▶ [Work item] Every line from the one containing "活动开始,志愿者首先向大家展" to the end of the records below must be copied exactly, and no pictures may be included.

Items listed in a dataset
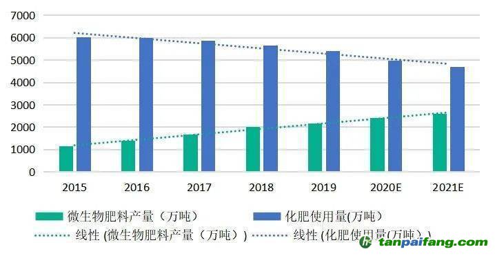 以微生物肥料為例,可顯著加大肥料效果和利用率,減少肥料使用,進(jìn)而促進(jìn)碳減排。微生物肥料2019年產(chǎn)量已突破2000萬噸,年復(fù)增長率約8%,截至2021年8月,我國微生物肥料新增登記數(shù)量達(dá)1108個(gè)。與之相左的是農(nóng)用化肥施用量卻持續(xù)下滑,據(jù)估算2021年化肥使用量將低于5000萬噸。
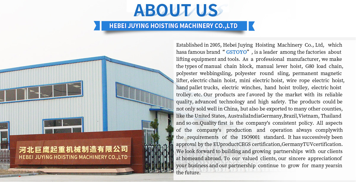Company: Hebei Juying Hoisting Machinery Co., Ltd. Address: Donglu Town, Qingyuan District, Baoding City, China, Postal Code: 071100 Tel: 0086-312-3071655 Whatsapp: +8615933590576 Skype: liujack1987 | ||||||||
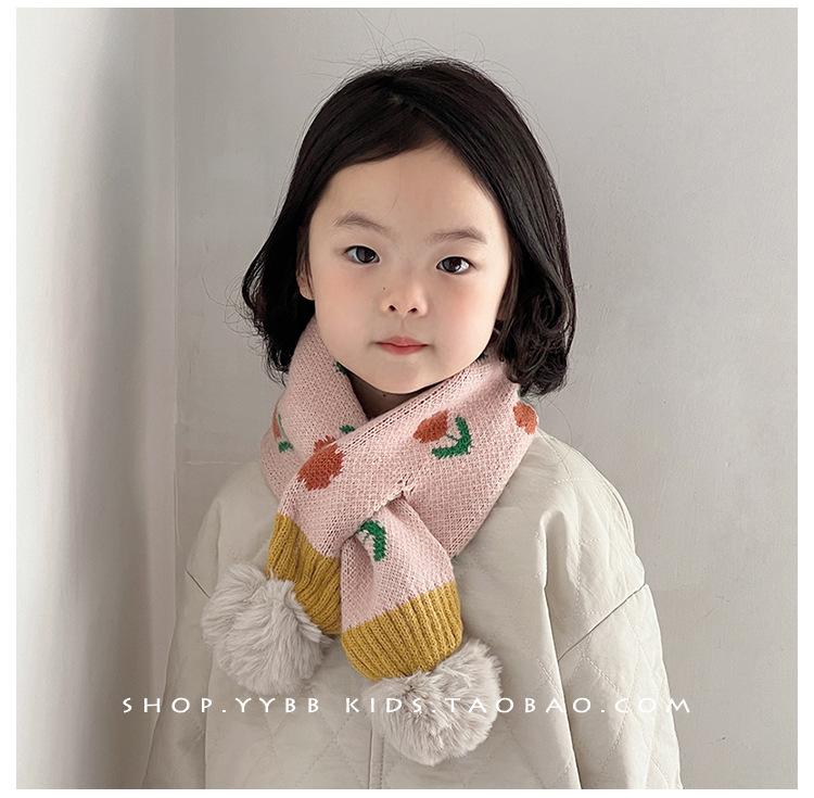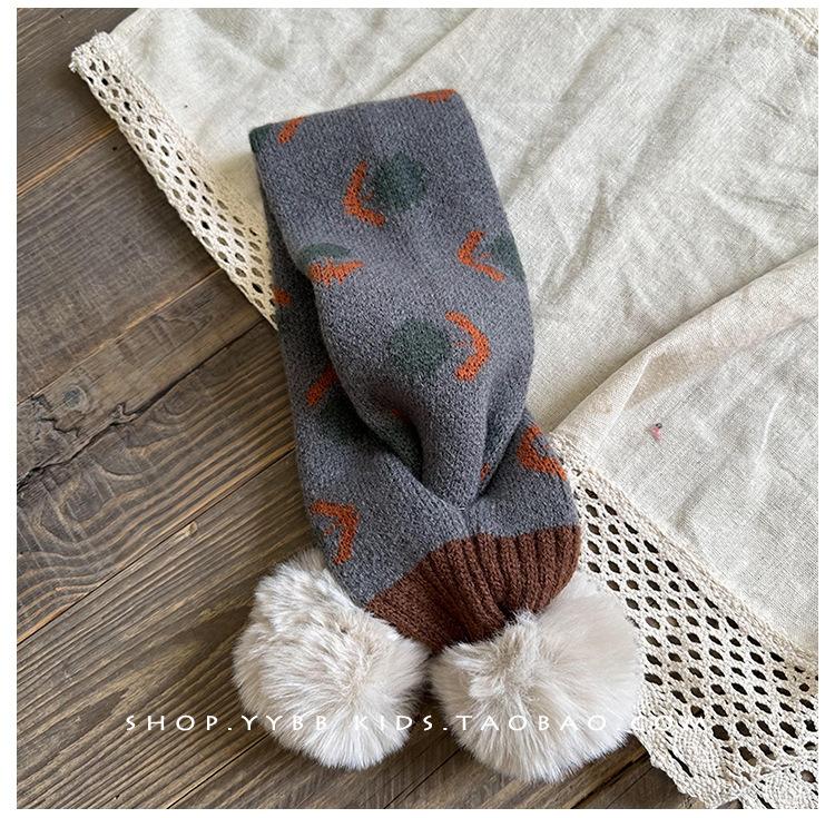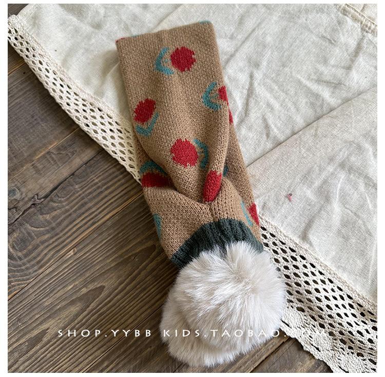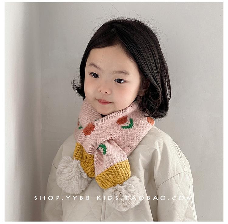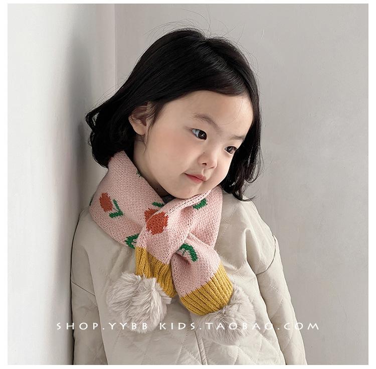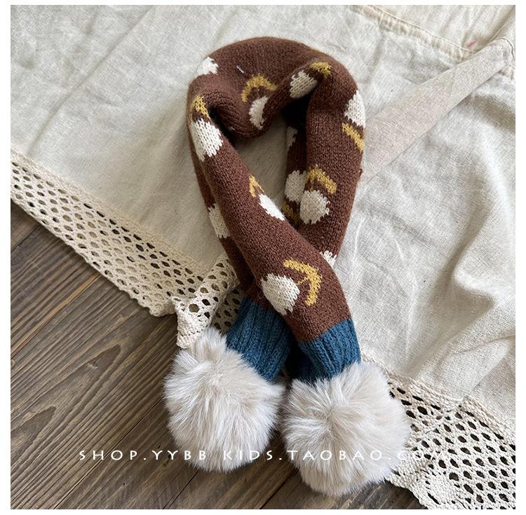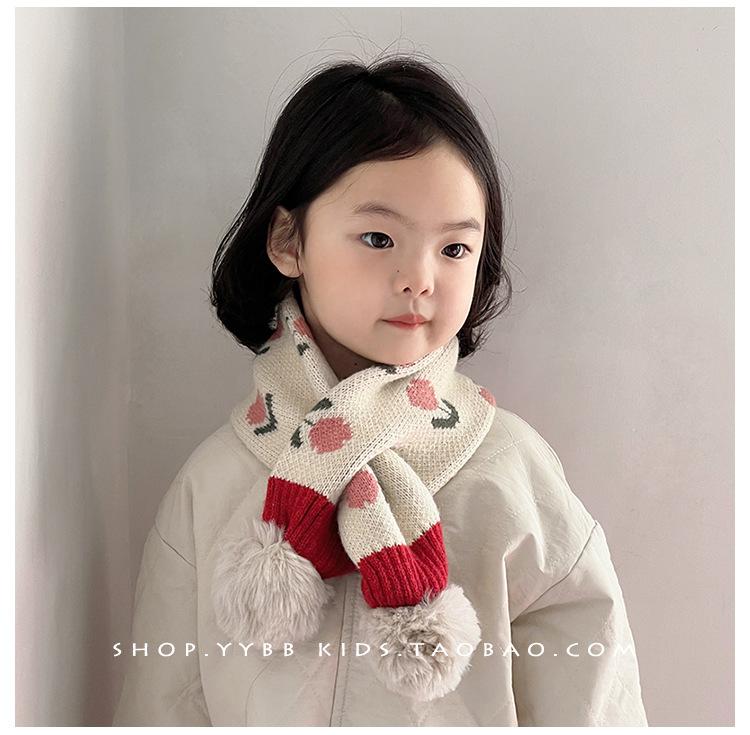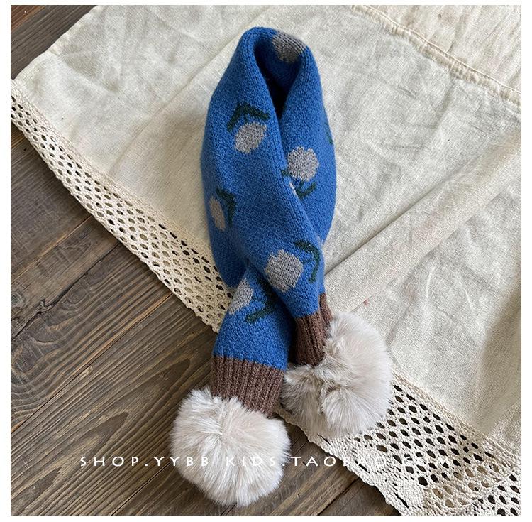 Bufanda de lana cálida para bebé coreana, de otoño e invierno, bonita, de doble bola, resistente al viento, con cuello cruzado de punto para niños y niñas
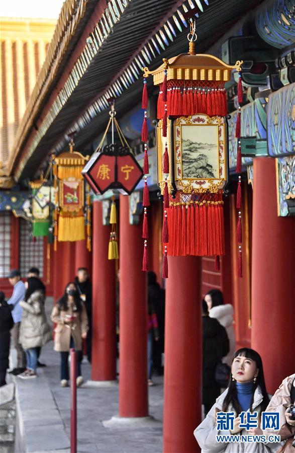 1月25日,游人在觀賞故宮內(nèi)懸掛的各式宮燈。 春節(jié)將至,北京故宮博物院內(nèi)張燈結(jié)彩,到處懸掛著宮燈、萬壽燈、年畫、門神、福字等古代宮廷節(jié)日裝飾品,讓來自國內(nèi)外的游人感受到濃濃的年味。 新華社記者 李欣攝
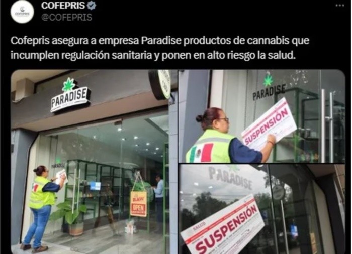 Tras una verificación a diversos establecimientos de la cadena Paradise -empresa ligada al expresidente Vicente Fox- en la Ciudad de México, decidieron clausurar algunas sucursales, informó la Comisión Federal para la Protección contra Riesgos Sanitarios (Cofepris).Las acciones se derivaron de una estrategia para evitar que se comercialicen productos prohibidos con etiquetado y comercialización engañosa y/o que incumplen la regulación sanitaria, según el comunicado que emitió la dependencia.Las decisiones tomadas este lunes tuvieron como objetivo evitar que este tipo de productos pongan en riesgo la salud de compradores y de la población en general, pues señalaron que las autorizaciones se dieron en el sexenio anterior.“Esta autoridad sanitaria ejecuta acciones de vigilancia y jurídicas a las empresas que recibieron autorizaciones para comercialización de productos derivados de la cannabis y marihuana en los últimos días de la administración federal anterior”, se pudo leer.En el comunicado también se explicó que con el fin de proteger la salud de las personas, se incautaron mil 811 piezas de productos que contienen CBD, semillas de cáñamo, así como extractos de cannabis y otras sustancias, debido a que no tienen evidencia de seguridad, calidad u origen de fabricación.Dio a conocer que se tomaron 165 muestras de etiquetas de diferentes productos por presentar diversas irregularidades en la información, una de las que más llamó la atención fue se colocó un código atribuido a la comisión aparentando ser un registro sanitario.Lo anterior porque, de acuerdo con el Reglamento de Control Sanitario de Productos y Servicios, en la etiqueta con la que se comercialicen suplementos alimenticios no se deberá presentar información en la que se ostenten indicaciones preventivas, rehabilitatorias o terapéuticas, además de que no se deberán utilizar estupefacientes o sustancias psicotrópicas en la elaboración de productos de perfumería y belleza.CR
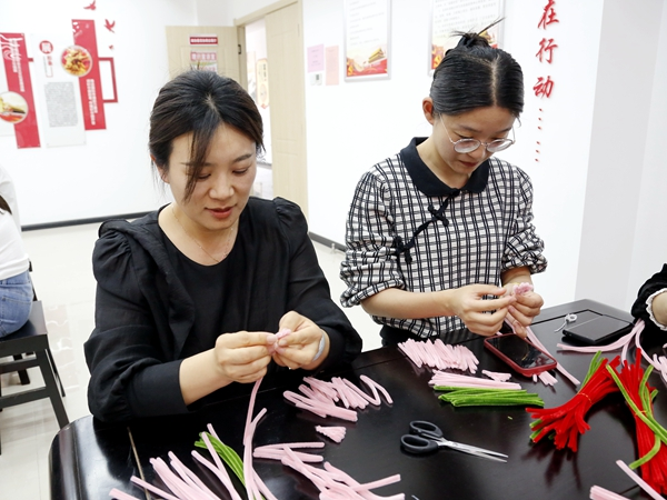 活动开始,志愿者首先向大家展示了扭扭棒的成品花束,清新可爱的扭扭棒手工花引起了大家强烈的兴趣,每个人都跃跃欲试。随后,志愿者介绍了花朵的制作材料及工具,再根据花朵的花瓣、花叶进行一步步讲解。大家跟随讲解步骤,充分发挥想象力,将扭扭棒对折、弯曲,反复调整,扭成一个个花瓣的形状,再由多个花瓣组成一朵花。大家捧着自己的得意之作,脸上洋溢着幸福感与成就感。
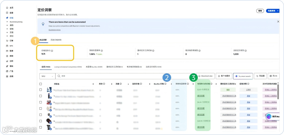 核心机制:系统将商品价格与竞品平台进行比对,卖家可通过定价洞察面板调整竞争力。注意:评分基于原始价格,不包含平台补贴。
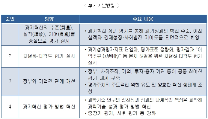 ● (평가 내용) 과학기술 성과 평가 체계 보완의 핵심내용은 무엇을, 누가, 어떻게 평가하고 어떻게 활용할 것인지의 문제를 해결하는 데에 있음
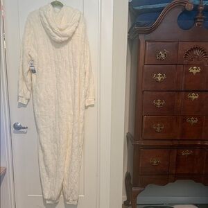 Stay warm and comfortable in this cozy cream hooded pajama onesie. Perfect for lounging and relaxing.
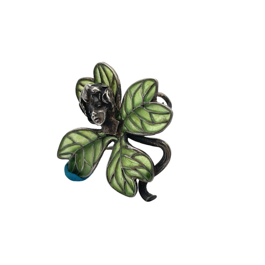 Art Noveau Plique-a-jour sterling silver shamrock brooch
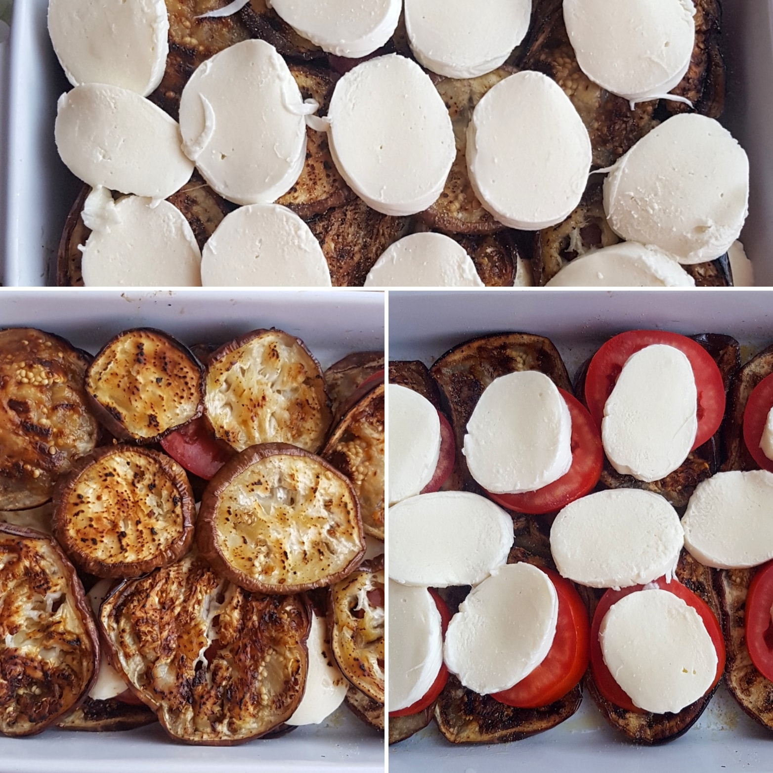 Ακολουθεί μια δεύτερη σειρά μελιτζάνας και από πάνω μόνο φέτες μοτσαρέλα. Επιστρέφουμε στο φούρνο για 5-10 λεπτά και τέλος ενεργοποιούμε μόνο το πάνω μέρος για να ψηθεί από πάνω.

▶ [Result of the task]
 活动开始,志愿者首先向大家展示了扭扭棒的成品花束,清新可爱的扭扭棒手工花引起了大家强烈的兴趣,每个人都跃跃欲试。随后,志愿者介绍了花朵的制作材料及工具,再根据花朵的花瓣、花叶进行一步步讲解。大家跟随讲解步骤,充分发挥想象力,将扭扭棒对折、弯曲,反复调整,扭成一个个花瓣的形状,再由多个花瓣组成一朵花。大家捧着自己的得意之作,脸上洋溢着幸福感与成就感。
 核心机制:系统将商品价格与竞品平台进行比对,卖家可通过定价洞察面板调整竞争力。注意:评分基于原始价格,不包含平台补贴。
 ● (평가 내용) 과학기술 성과 평가 체계 보완의 핵심내용은 무엇을, 누가, 어떻게 평가하고 어떻게 활용할 것인지의 문제를 해결하는 데에 있음
 Stay warm and comfortable in this cozy cream hooded pajama onesie. Perfect for lounging and relaxing.
 Art Noveau Plique-a-jour sterling silver shamrock brooch
 Ακολουθεί μια δεύτερη σειρά μελιτζάνας και από πάνω μόνο φέτες μοτσαρέλα. Επιστρέφουμε στο φούρνο για 5-10 λεπτά και τέλος ενεργοποιούμε μόνο το πάνω μέρος για να ψηθεί από πάνω.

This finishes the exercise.